Вдруг фра Серафим, вращаясь вокруг собственной оси, забил ладонями по бокам, будто петух крыльями, и столовая наполнилась петушиным разноголосьем.

— Altroche, altroche! — долго еще кукарекал, кривляясь и гримасничая, фра Серафим.

Внезапно он замолчал, обернулся к отцу Грго и с потемневшим лицом, полностью изменив голос и осанку, проговорил тихо и резко, своим естественным тоном:

— Altro-che! Совсем изолгались. Врете, господа хорошие, все, сколько вас есть, на всех семи языках; и у бога, и у людей в печенках сидит ваше вранье. Altroche, altroche!

И снова все слилось и смешалось в птичьем гаме и общем смехе.

В это время часы пробили одиннадцать, большинство их снова не услышали. Но тут фра Серафим встал и, оправляя сутану и слегка склонив голову набок, словно бы к кому-то направился. Все сразу узнали жупника.

— Слушай, Серафим, — негромко заговорил фра Серафим голосом отца Грго, — надо все-таки меру знать, хватит с нас твоих кривляний и дурачеств. Видишь, который час. Ты думаешь завтра служить мессу?
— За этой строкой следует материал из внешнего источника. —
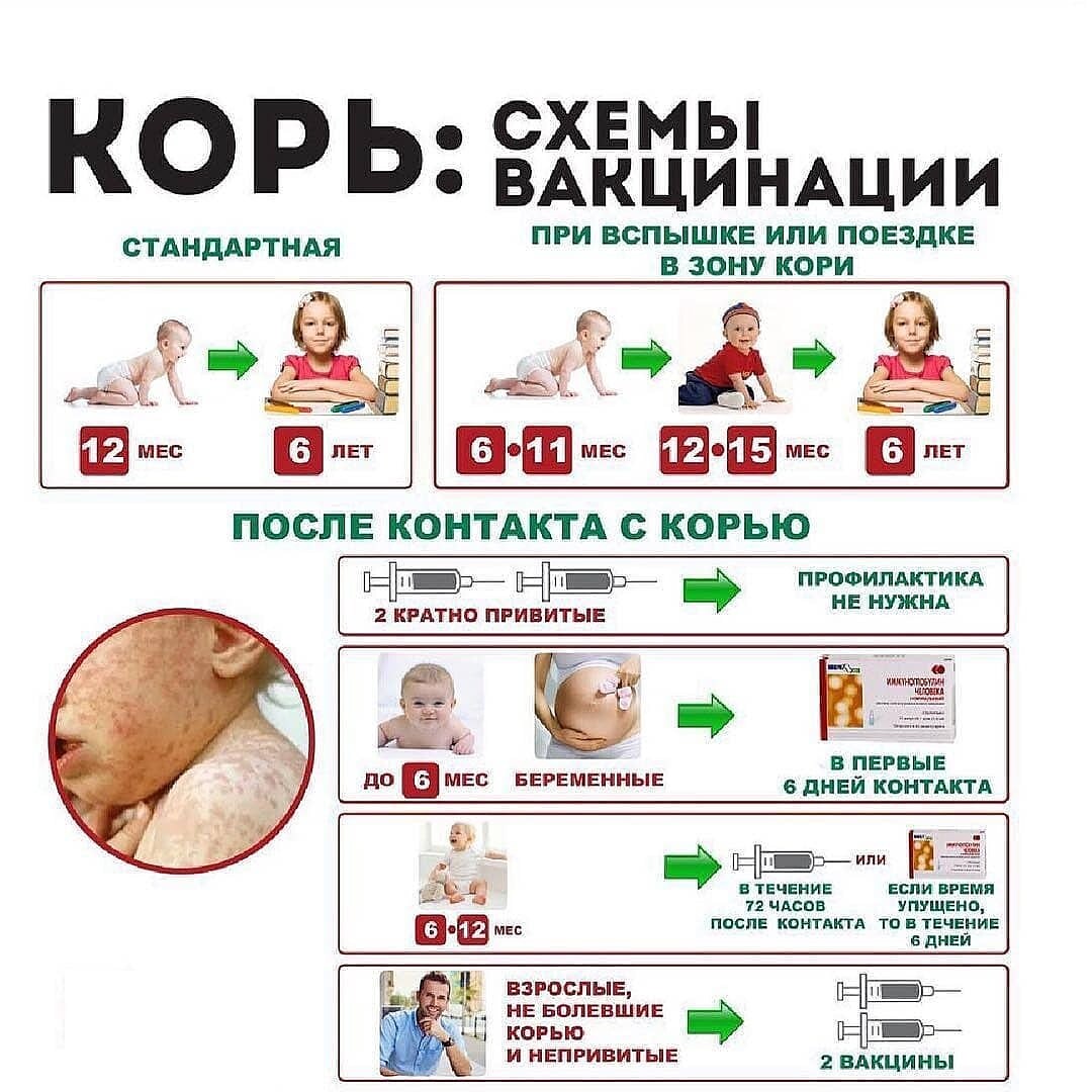 Детям, не привитым против кори, не достигшим прививочного возраста, а также лицам с противопоказаниям к вакцинации, вводится иммуноглобулин человека нормальный не позднее 5-го дня от момента контакта.

Да и эти — уши развесили, рты распялили — недалеко от тебя ушли!

С удивлением, почти не улыбаясь, отец Грго смотрел на себя самого — как он ходит и говорит, другие же снова закатывались в хохоте. Капеллан и тот осмелел и, забыв про то, что смеются над его священником, которого он как огня боится, содрогался от смеха, то и дело стукаясь макушкой о дверь.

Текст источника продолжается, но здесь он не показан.